I've installed a bunch of these. They now have one that is pressure sensitive. I forgot and sat down to mount the remote. I wanted it to be the right convenient height for the h/o. Shore enough all the buttons I had been hitting earlier to try and test came to life and I got a little squirt. I need to remember these are all different and not to assume I know what I'm doing.


----------



## trout lake (May 9, 2009)

Hey guys
Roast Duck says it's just the same as taking a shower only better. As I usually value his opinion, I went into the shower, got into a head stand position. got my dear wife to hold my legs steady against the shower wall and had her turn on the pressure. Personally, I didn't care for it.

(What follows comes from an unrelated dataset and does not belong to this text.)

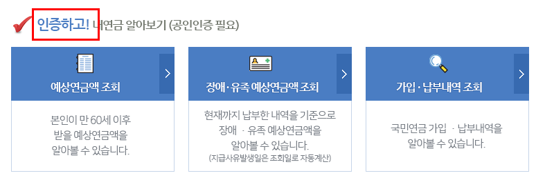 인증없이 간단하게 예상연금도 알아볼 수 있는 방법도 있습니다. 만약 내 나이가 60세 이후가 된 다음 정확한 연금액을 알아보고 싶다고하면 공인인증서로 접속하면 바로 조회 할 수 있습니다.

The part with the water hitting the dirty parts was ok but I hated it when the water ran up my nose. 
Now considering TOTO was the dog on the Wizard of OZ, if they could incorporate the bidet with what Toto's can do that I can't, I'm sure we'd have a clean winner.
tl


----------



## mo1258 (Mar 2, 2009)

We have done a couple of these and everyone seems to be happy - lots cheaper than the bidet seat!
http://www.minishower.com/minish_commode.html#bottom


----------



## para1 (Jun 17, 2008)

ROCKSTARPLUMBER said:


> Put that bastard in a bottle and you got something sweeter than yohoo.:laughing:


 

:laughing::laughing::laughing::laughing::thumbsup::laughing::laughing::laughing::laughing:


----------



## DUNBAR PLUMBING (Sep 11, 2008)

mo1258 said:


> We have done a couple of these and everyone seems to be happy - lots cheaper than the bidet seat!
> http://www.minishower.com/minish_commode.html#bottom


 

But do you have to be a muslim to use it?

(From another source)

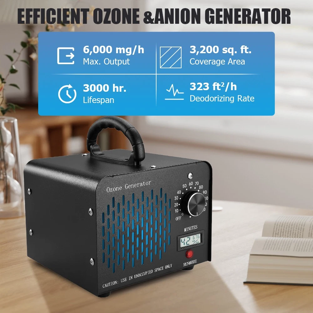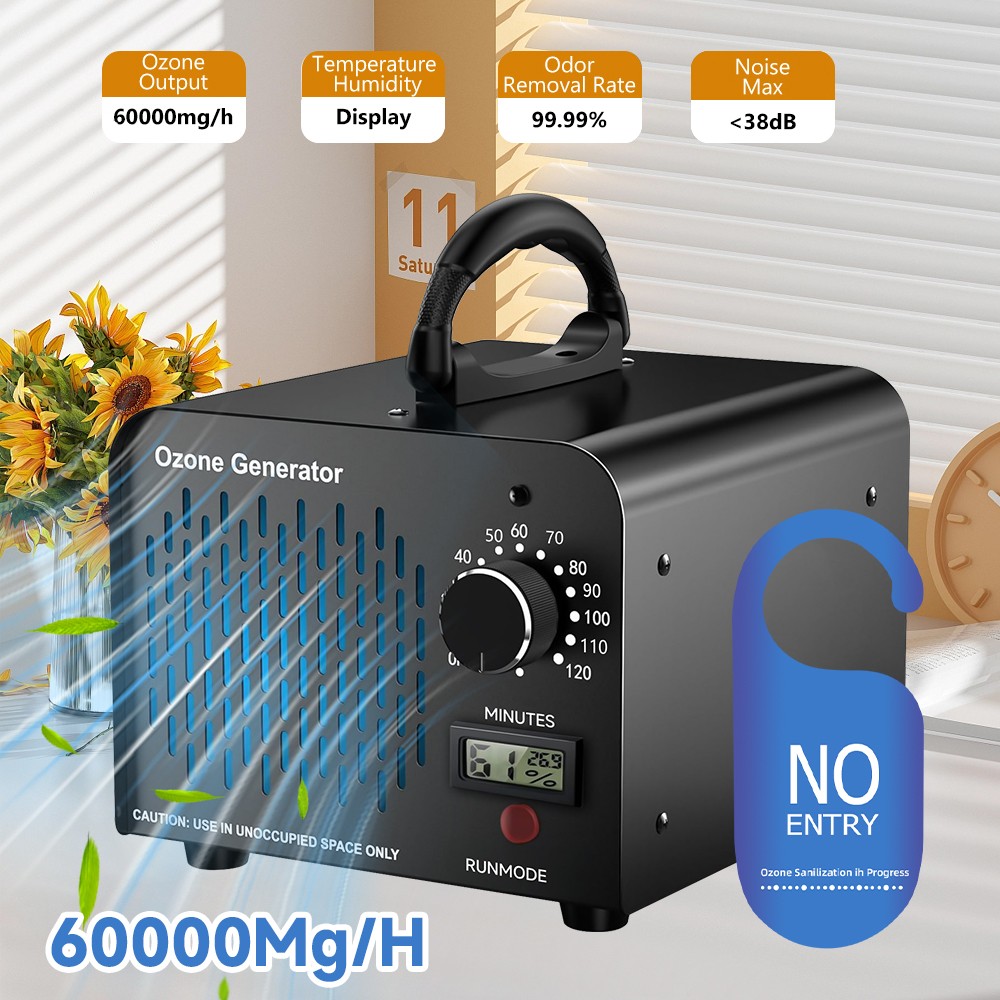 A: 60000Mg/H Ozone Generator Air Purifier Featur es : Maximum output of 6 0 ,000 mg/h is suitable for spaces up to 20-400 square meters It has a life-time of up to 3 ,000 hours and does not require any replacement parts It is suitable for cars, boats, dumpsters, kitchens, bathrooms, basements It effectively cleans odors from cooking, smoking, and pets Specif ications : Dimensio ns: L170W1 90H175mm Shell material: SGCC hot-dip galvanized sheet+electrostatic spraying Airflow: 170m/h Noise: 40dB Timing: 120 minutes Input voltage: AC110V/60Hz or AC220V/50Hz Output voltage: 2500-2700V Rated power: 80-150 watts Control mode: manual control Applicable area: 20-400 square meters Working temperature range: -10 ℃ to 70 ℃ Working humidity range: 0% to 65% Service life: 3000 hours Ozone level: 60000Mg/H ozone level Pac king Include: 1 x User Manual 1 x Detachable Power Cable 1x Ozone Generator Machine ============================================== B: Air Purifier Cleaner N ote : It is no built-in battery, USB cable must be connected to work. Fe atures : 1.Negative ion dust removal and odor elimination neutralizing electron 2.Blue light purification 3.Aromatherapy storage box[can add aroma tablets] 4. In addition to VOC, pollen, PM2.5 dust particles 5. In addition to second-hand smoke, formaldehyde 6.High speed power purification system 7. Free TYPE C charging cable Specifica tion : Air purifier air volume: 50 cubic meters / hour Applicable area: 11 square meters (including)-20 square meters (including) Applicable people: allergy, smoking, pet family, workplace office, etc. Energy efficiency level: first-class energy efficiency Power supply mode: USB Product noise: 36dB or less (dB) Energy Efficiency Class: Class I energy efficiency Product voltage: 5V Product power: 5W Wire length: 1M Product Size:19*11*9cm Packi ng list: Air purifier*1 Filter element*1 Activated carbon cotton *2 Scented Sponge *1 Charging cable*1 Instruction manual*1 Color box*1

I like it, but that would mean I would have to spread my legs, grab my nutbag and lift them up, then use the other hand with the wand and be able to push the button, go back far enough to get it all.

Now I'm talented...but seriously; there is way too much going on and the back side of my hand would be hitting the water/poop inside the toilet. 

Not good.

I sometimes have issue with the water spraying between the seat and the bowl.


----------



## DUNBAR PLUMBING (Sep 11, 2008)

trout lake said:


> Hey guys
> Roast Duck says it's just the same as taking a shower only better. As I usually value his opinion, I went into the shower, got into a head stand position. got my dear wife to hold my legs steady against the shower wall and had her turn on the pressure. Personally, I didn't care for it. The part with the water hitting the dirty parts was ok but I hated it when the *water ran up my nose.*
> Now considering TOTO was the dog on the Wizard of OZ, if they could incorporate the bidet with what Toto's can do that I can't, I'm sure we'd have a clean winner.
> tl


 
A heavy diet of corn will solve that problem real quick when stray kernels block off the breathing passages and allow the water to pass over. :laughing:


----------



## uaplumber (Jun 16, 2008)

Wow Duck, thats.......ummmmm.....aaahhhh.........hmmmmmm.
Yup, that's nasty!


----------



## 422 plumber (Jul 31, 2008)

Duck, 
you are the best. That's why I asked about the nooks and crannies. You are one of the few people to describe in gory, clinical detail.


----------



## DUNBAR PLUMBING (Sep 11, 2008)

I ripped a fart today that was so loud and obnoxious that I started laughing, because anyone else would of heard it, they'd be laughing too.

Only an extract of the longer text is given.